### Exercise inputs
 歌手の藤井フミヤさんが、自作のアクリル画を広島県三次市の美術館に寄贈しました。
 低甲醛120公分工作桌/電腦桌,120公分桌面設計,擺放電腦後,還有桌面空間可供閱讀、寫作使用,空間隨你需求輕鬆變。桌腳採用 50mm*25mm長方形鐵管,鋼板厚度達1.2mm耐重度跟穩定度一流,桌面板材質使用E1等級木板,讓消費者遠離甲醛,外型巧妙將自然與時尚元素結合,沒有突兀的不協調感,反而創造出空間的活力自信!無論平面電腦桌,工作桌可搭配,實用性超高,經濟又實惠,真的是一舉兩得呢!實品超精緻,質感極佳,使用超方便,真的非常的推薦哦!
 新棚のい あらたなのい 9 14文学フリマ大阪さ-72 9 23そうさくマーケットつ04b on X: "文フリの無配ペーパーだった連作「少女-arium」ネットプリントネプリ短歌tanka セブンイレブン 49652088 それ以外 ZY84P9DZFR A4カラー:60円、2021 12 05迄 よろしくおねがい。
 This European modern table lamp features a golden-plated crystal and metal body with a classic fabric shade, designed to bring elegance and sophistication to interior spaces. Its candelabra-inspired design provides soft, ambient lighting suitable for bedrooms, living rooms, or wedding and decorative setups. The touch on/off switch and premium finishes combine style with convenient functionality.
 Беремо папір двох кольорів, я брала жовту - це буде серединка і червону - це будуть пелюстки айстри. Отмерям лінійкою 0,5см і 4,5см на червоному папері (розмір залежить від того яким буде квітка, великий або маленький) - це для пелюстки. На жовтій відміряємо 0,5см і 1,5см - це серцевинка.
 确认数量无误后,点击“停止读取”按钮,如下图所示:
######
### Exercise inputs
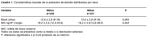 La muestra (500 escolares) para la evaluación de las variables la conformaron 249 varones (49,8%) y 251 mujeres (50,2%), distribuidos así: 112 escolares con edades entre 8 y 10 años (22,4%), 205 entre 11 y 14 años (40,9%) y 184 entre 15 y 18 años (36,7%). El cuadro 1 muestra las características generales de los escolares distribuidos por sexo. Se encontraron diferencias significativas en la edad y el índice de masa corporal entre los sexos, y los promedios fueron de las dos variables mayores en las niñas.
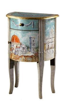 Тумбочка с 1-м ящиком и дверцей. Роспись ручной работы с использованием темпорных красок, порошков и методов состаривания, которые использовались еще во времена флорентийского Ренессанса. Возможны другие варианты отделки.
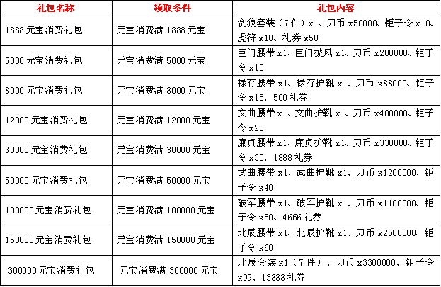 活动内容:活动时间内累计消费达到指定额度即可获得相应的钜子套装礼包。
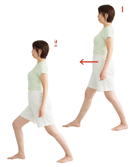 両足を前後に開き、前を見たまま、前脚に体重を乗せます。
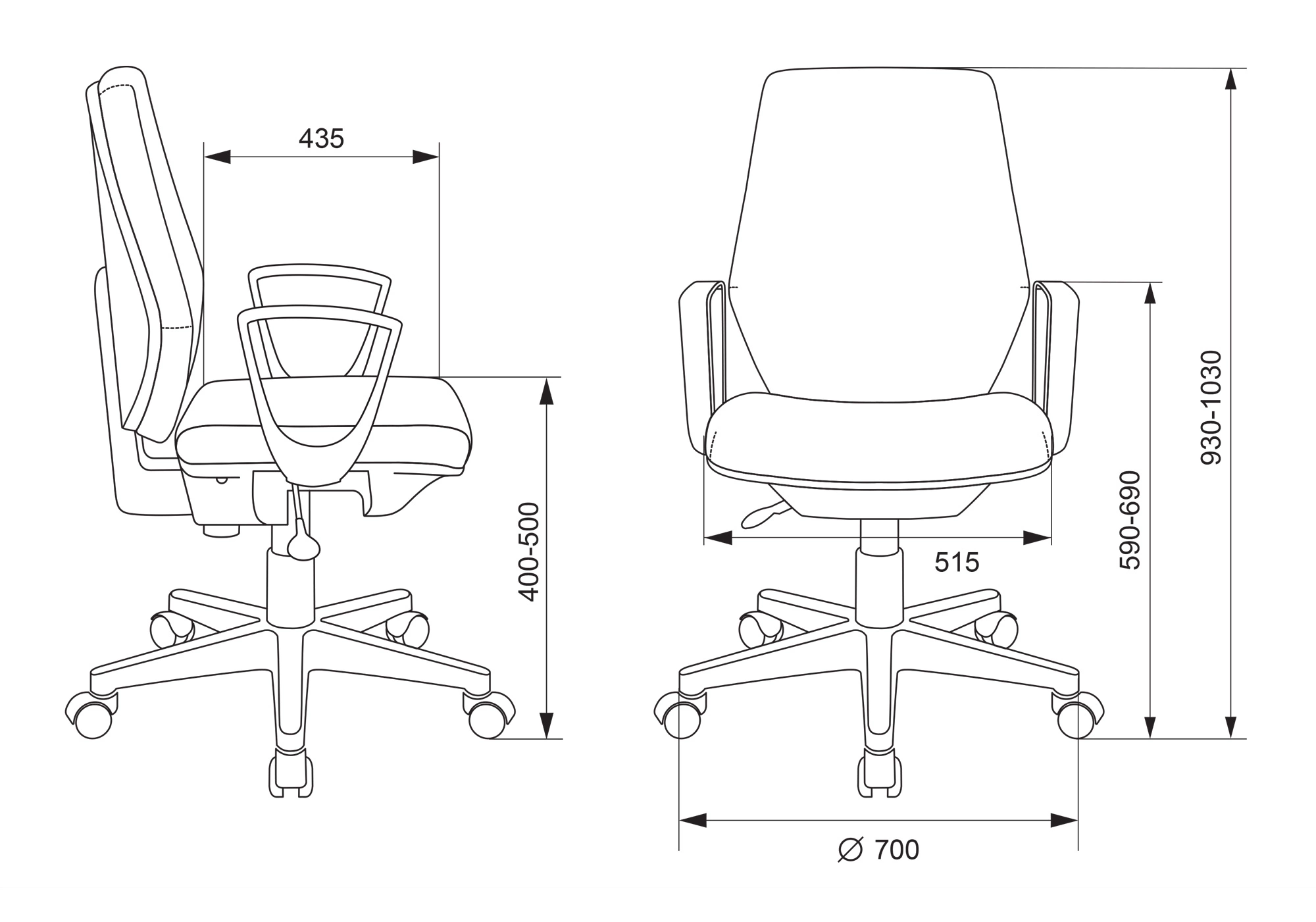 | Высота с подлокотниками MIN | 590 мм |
######
## Instructions to follow
Output exactly those lines of the data above that run from the line with "Тумбочка с 1-м" up to and including the line with "MIN | 590 мм |". No pictures go in.

## Expected output
 Тумбочка с 1-м ящиком и дверцей. Роспись ручной работы с использованием темпорных красок, порошков и методов состаривания, которые использовались еще во времена флорентийского Ренессанса. Возможны другие варианты отделки.
 活动内容:活动时间内累计消费达到指定额度即可获得相应的钜子套装礼包。
 両足を前後に開き、前を見たまま、前脚に体重を乗せます。
 | Высота с подлокотниками MIN | 590 мм |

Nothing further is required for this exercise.